En cuanto al análisis de datos, los desafíos incluyen aspectos como la escasez de los datos, similar a otros procesos de célula única o también el mapeo de áreas, especialmente regiones repetitivas. Tras retirar el N-Chip de secuenciación estéreo de su embalaje, anota el número de identificación del chip. Sin tocar la superficie del N-chip, limpia la lámina de vidrio con etanol al 100%.
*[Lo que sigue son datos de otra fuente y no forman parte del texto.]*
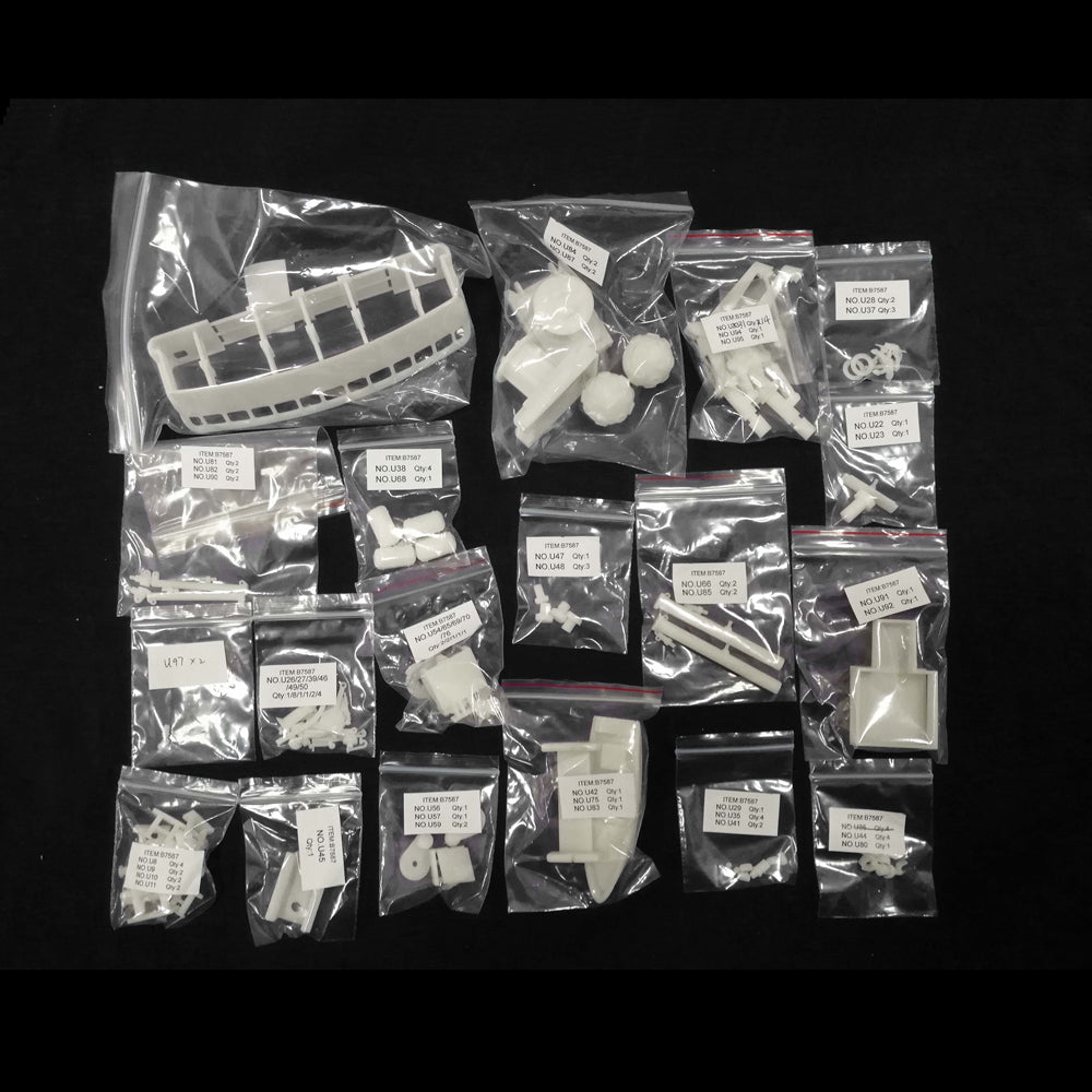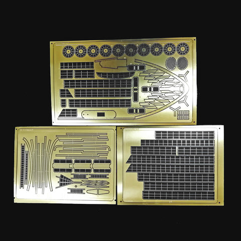 Kit includes a hull,Superstructure,Injection parts,CNC-sheets,decals,brass photo etch,motors,stuff boxes,propellers,rudder system,and other running sets.

Utilizando una micropipeta, aplica cuidadosamente 10 microlitros de resina cerámica curable por ultravioleta alrededor del borde del N-Chip de secuenciación estereoscópica. Utiliza un hisopo de espuma sellado para eliminar el exceso de resina, dejando solo una línea fina alrededor del borde de la viña. Coloca la corredera en el dispositivo de curado ultravioleta, asegurando que la superficie del chip no se toque.
Ahora coloca la astilla aplicada con resina sobre una máscara opaca en la fuente de luz ultravioleta de 405 nanómetros para iluminar la parte trasera del portaobjetos y cura durante cinco minutos. Tras el curado, utiliza hisopos de espuma sellados remojados en etanol 100% de grado molecular, luego 70% etanol y, finalmente, agua sin nucleasas para limpiar alrededor del borde aplicado con resina. Sumerge el chip tres veces en agua fresca libre de nucleasas usando un tubo cónico de 50 mililitros.
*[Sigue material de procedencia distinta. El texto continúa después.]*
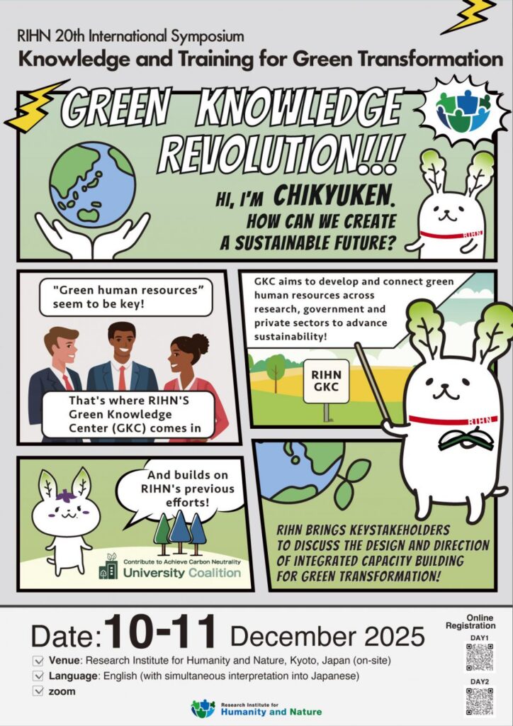 2025年12月11日、第20回地球研国際シンポジウム「Knowledge and Training for Green Transformation(グリーン社会変革に向けた知識と人材育成)」が地球研講演室で開催され、グリーン・トランスフォーメーションの実現に向けた人材育成の設計や方向性、今後の展開について発表が行われました。

Con aire comprimido, seca la astilla con toda la fuerza del aire en un ángulo de aproximadamente 60 a 80 grados, moviéndose diagonalmente por la superficie desde unos cinco centímetros de distancia. A continuación, aplica 150 microlitros de solución de poli-L-lisina de forma uniforme en toda la superficie del chip e incuba el chip durante 10 minutos a temperatura ambiente. Luego retira la solución de poli-L-lisina del chip.
Después del segundo lavado, seca cuidadosamente los bordes de la lámina sin tocar la superficie de la astilla. Seca firmemente la astilla usando aire comprimido, como se ha demostrado antes. Al seccionar el tejido FFPE, no toque directamente el chip y cubra solo el 80% con papel higiénico.
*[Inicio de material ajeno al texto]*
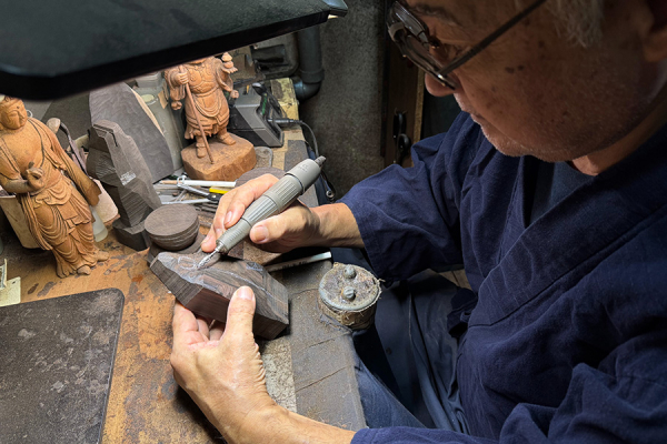 父の上原琉雲さんは、神戸で修行後、珊瑚職人から木彫職人になり、現在は長男の上原荘雲さんとふたりで行なっています。堅牢なため彫刻刀では削れず、歯科医が使うルーターを用いて少しずつ削り、製作しています。

Para preparar dos microlitros de solución de tinción de ADN monocatenario en un buffer SSC, diluir el reactivo de ADN monocatenario Qubit con un buffer SSC 5X. Crea una mezcla maestra de la solución de tinción usando una dilución de uno a 20 de inhibidor de ribonucleasa, una dilución de uno a 200 de la solución de ADN monocatenario y el volumen restante con un tampón SSC 5X. Añade 150 microlitros de solución de tinción a cada astilla y incuba en la oscuridad a temperatura ambiente durante cinco minutos.
Luego, retira suavemente la solución de tinción de la esquina de cada astilla usando una pipeta. Después de lavar la astilla dos veces con buffer SSC 0,1X durante 10 a 15 segundos, seca cuidadosamente los bordes de la corredera. Añade aproximadamente tres a cinco microlitros de glicerol a la lámina para montarla.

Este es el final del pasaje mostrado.